Monday, March 1, 2021

REWIND: The Night of the Hunter (1955, Charles Laughton)

TSPDT Rank #43

Initial viewing: c. 2007

"Beware of false prophets which come to you in sheep's clothing, but inwardly they are ravening wolves..."

The Night of the Hunter is one of the strangest and most unclassifiable films ever to come out of the classic Hollywood studio system. On the surface, it’s a film noir thriller about some hidden bank robbery loot and the ominous preacher who searches for it. But while its basic story may be pure film noir, it’s also a throwback to the broad strokes approach of the silent era--with elements of D.W. Griffith epics, German expressionism, and slapstick comedy all thrown into the mix. Together with its blatantly unrealistic set design, Capra-esque sentimentality, and a larger-than-life performance from Robert Mitchum, these elements all combine to create a beguiling and fantastic film that is as difficult to describe as it is to resist.
 

Adding to the film’s mystique is the fact that it’s the only film ever to be directed by the great Charles Laughton. A hulking British expat who achieved Hollywood success with his towering performances in films such as The Private Life of Henry VIII, Mutiny on the Bounty and The Hunchback of Notre Dame in the 1930s, he was certainly an odd choice to direct a Southern Gothic thriller set on the banks of the Ohio River. But by all accounts, he oversaw the film with a perfectionism and clarity of vision usually only seen from seasoned directors at the peak of their talents. His extensive acting experience also allowed him to develop an usually close bond with his actors, drawing out raw and otherworldly performances that are highly unusual for their era.
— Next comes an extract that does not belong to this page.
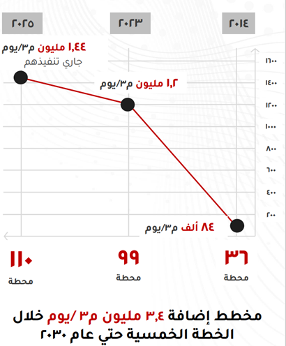 وقد اتجهت مصر إلى زيادة عدد محطات التحلية إلى أن اصبحت تملك المحطات الأكبر بالشرق الأوسط لتحلية المياه، فباتت تمتلك حاليًا نحو 100 محطة تحلية، بطاقة 1.2 مليون متر مكعب يوميًا، بحسب بيانات رسمية من وزارة الإسكان والمجتمعات العمرانية. ومن أهم محطات تحلية المياه التي تم تنفيذها: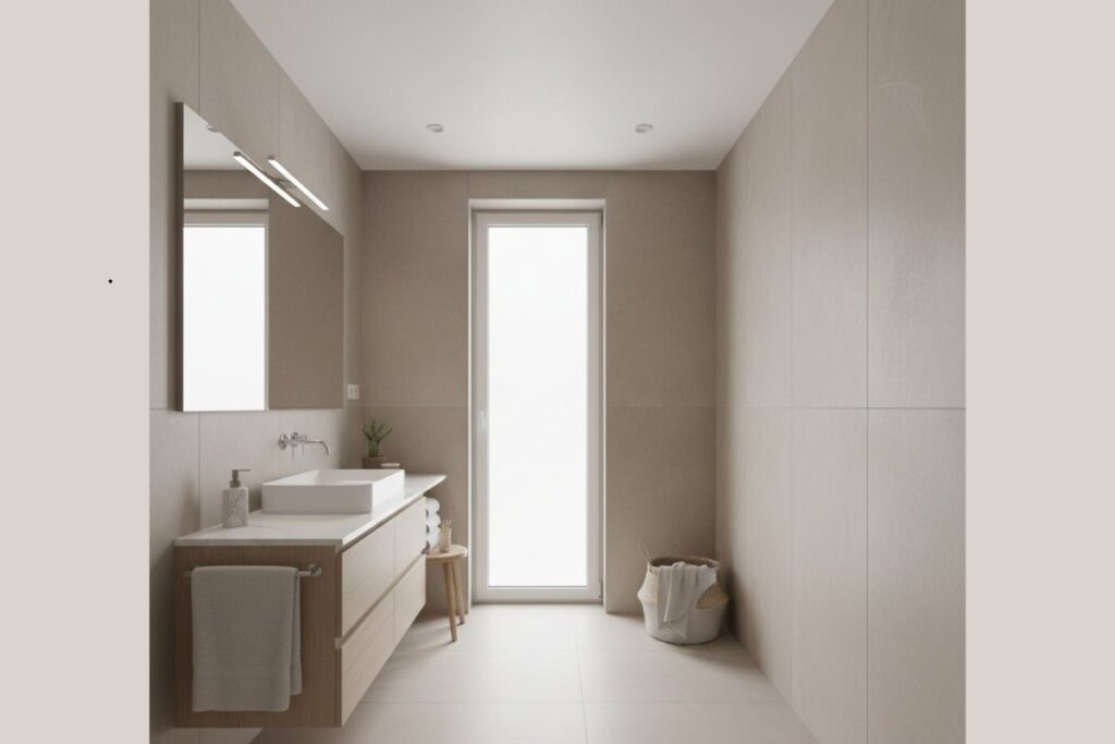 O porcelanato é um dos revestimentos mais usados em banheiros neutros. Tons como bege, cinza claro e areia ajudam a manter o ambiente elegante e fácil de combinar com diferentes estilos de decoração.

Although The Night of the Hunter failed to achieve success upon its initial release, it soon achieved an unusually early cult following--thanks to its regular presence on late night television in the 1960s and ‘70s. Moving with the deliberate logic and uncanny precision of a dream, The Night of the Hunter is perhaps most effective on the young and unsuspecting, like the best horror movies. For those expecting a suspenseful thriller, it will likely seem too strange and tonally inconsistent. At one moment, we see Mitchum’s preacher threaten his two adopted children with a knife--with a casual aura of evil so convincing that we really fear for the children’s lives. But at the next moment, we see him slip on a fruit jar, lumber up the stairs in a parody of F.W. Murnau’s Nosferatu, and howl like a wounded animal when the children narrowly escape into the river.
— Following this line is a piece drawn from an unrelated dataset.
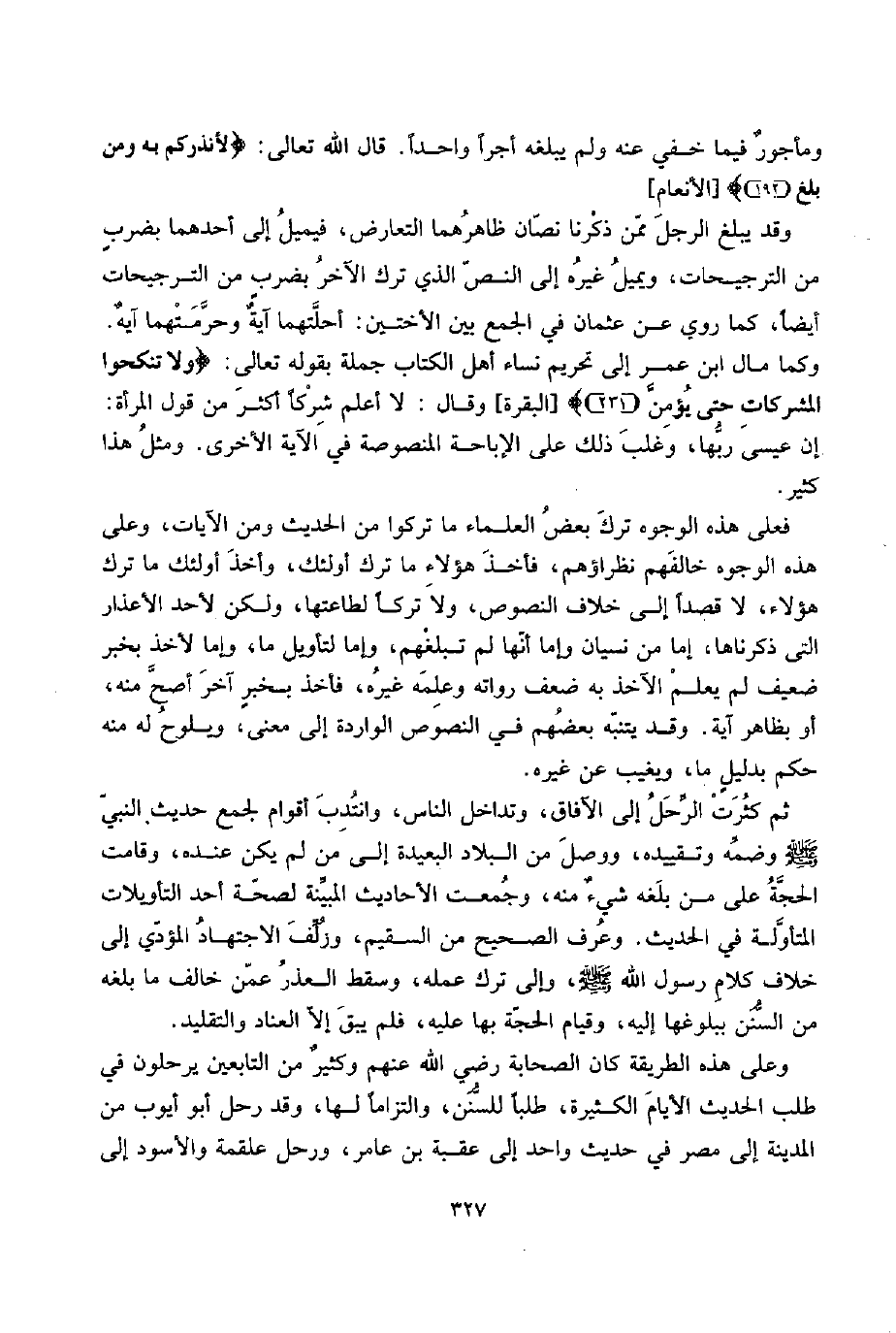 فعلى هَذِه الْوُجُوه ترك بعض الْعلمَاء مَا تركُوا من الحَدِيث وَمن الْآيَات، وعَلى هَذِه الْوُجُوه خالفهم نظراؤهم، فَأخذ هَؤُلَاءِ مَا ترك أُولَئِكَ. وَأخذ أُولَئِكَ مَا ترك هَؤُلَاءِ، لَا قصدا إِلَى خلاف النُّصُوص، وَلَا تركا لطاعتها، وَلَكِن لأحد الْأَعْذَار الَّتِي ذَكرنَاهَا، إِمَّا من نِسْيَان وَإِمَّا أَنَّهَا لم تبلغهم، وَإِمَّا لتأويل مَا، وَإِمَّا لأخذ بِخَبَر ضَعِيف لم يعلم الْآخِذ بِهِ ضعف رُوَاته وَعلمه غَيره، فَأخذ بِخَبَر آخر أصح مِنْهُ، أَو بِظَاهِر آيَة. وَقد يتَنَبَّه بَعضهم فِي النُّصُوص الْوَارِدَة إِلَى معنى، ويلوح لَهُ مِنْهُ حكم بدليلٍ مَا، ويغيب عَن غَيره.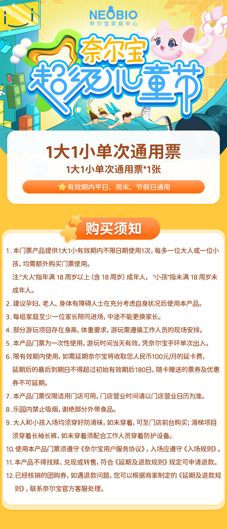 5.本产品门票为一次性使用,游玩时间当天有效,凭奈尔宝手环单次出入。

The film’s final act focuses on the children and their attempt to escape from the preacher, with the action taking on the aura of a fairy tale. The children float down the river across a background of twinkling stars and animals twice their size, as lullabies lull them to sleep. When the preacher does appear, he does so only as a silhouette in the distance--a symbol of evil beyond the children’s comprehension. The kindly old woman who comes to their rescue (played by silent era icon Lillian Gish) is just as inconceivably good as the preacher is inconceivably evil. And when the final showdown comes, it remains firmly in the realm of symbolism--with the old woman and the preacher singing competing versions of the same hymn just like they were drawing pistols in the street. Despite its disregard for realism and narrative conventions, The Night of the Hunter always retains its hypnotic pull and childlike urgency. Never before or since has the battle between good and evil felt so elemental.